▶ [WHAT YOU NEED TO DO]: Below are the records; repeat exactly their lines between the line holding "Very flattering ruffled" and the line holding "อุตุฯ เตือนไทยตอนบนมีพายุฤดูร้อน ฝนฟ้าคะนอง", inclusive, skipping the pictures.

▶ [LISTED ENTRIES]:
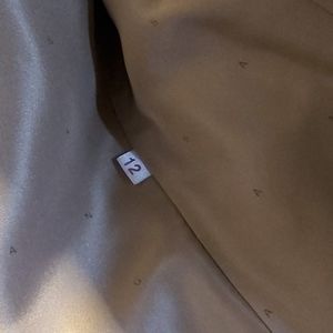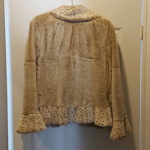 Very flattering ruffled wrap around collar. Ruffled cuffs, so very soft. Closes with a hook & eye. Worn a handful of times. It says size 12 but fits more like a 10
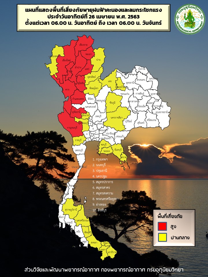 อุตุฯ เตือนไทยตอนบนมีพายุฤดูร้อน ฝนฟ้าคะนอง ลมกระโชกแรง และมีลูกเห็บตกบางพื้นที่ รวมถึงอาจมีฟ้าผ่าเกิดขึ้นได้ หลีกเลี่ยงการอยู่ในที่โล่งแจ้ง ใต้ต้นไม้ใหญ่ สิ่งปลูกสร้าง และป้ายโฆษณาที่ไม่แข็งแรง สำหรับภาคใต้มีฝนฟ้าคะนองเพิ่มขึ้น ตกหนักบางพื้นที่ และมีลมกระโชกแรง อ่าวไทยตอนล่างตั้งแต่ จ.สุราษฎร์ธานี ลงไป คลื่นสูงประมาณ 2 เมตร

---

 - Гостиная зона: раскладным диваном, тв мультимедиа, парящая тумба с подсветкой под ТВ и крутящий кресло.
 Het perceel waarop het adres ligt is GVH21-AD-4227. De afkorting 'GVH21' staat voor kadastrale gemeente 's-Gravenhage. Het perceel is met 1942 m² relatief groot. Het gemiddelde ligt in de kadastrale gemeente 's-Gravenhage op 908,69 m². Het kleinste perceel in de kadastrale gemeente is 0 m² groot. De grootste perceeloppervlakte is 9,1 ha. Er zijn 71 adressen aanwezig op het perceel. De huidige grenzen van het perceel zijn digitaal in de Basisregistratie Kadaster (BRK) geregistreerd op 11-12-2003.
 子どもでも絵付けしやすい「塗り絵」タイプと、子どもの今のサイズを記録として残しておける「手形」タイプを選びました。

▶ [EXERCISE RESULT]:
 Very flattering ruffled wrap around collar. Ruffled cuffs, so very soft. Closes with a hook & eye. Worn a handful of times. It says size 12 but fits more like a 10
 อุตุฯ เตือนไทยตอนบนมีพายุฤดูร้อน ฝนฟ้าคะนอง ลมกระโชกแรง และมีลูกเห็บตกบางพื้นที่ รวมถึงอาจมีฟ้าผ่าเกิดขึ้นได้ หลีกเลี่ยงการอยู่ในที่โล่งแจ้ง ใต้ต้นไม้ใหญ่ สิ่งปลูกสร้าง และป้ายโฆษณาที่ไม่แข็งแรง สำหรับภาคใต้มีฝนฟ้าคะนองเพิ่มขึ้น ตกหนักบางพื้นที่ และมีลมกระโชกแรง อ่าวไทยตอนล่างตั้งแต่ จ.สุราษฎร์ธานี ลงไป คลื่นสูงประมาณ 2 เมตร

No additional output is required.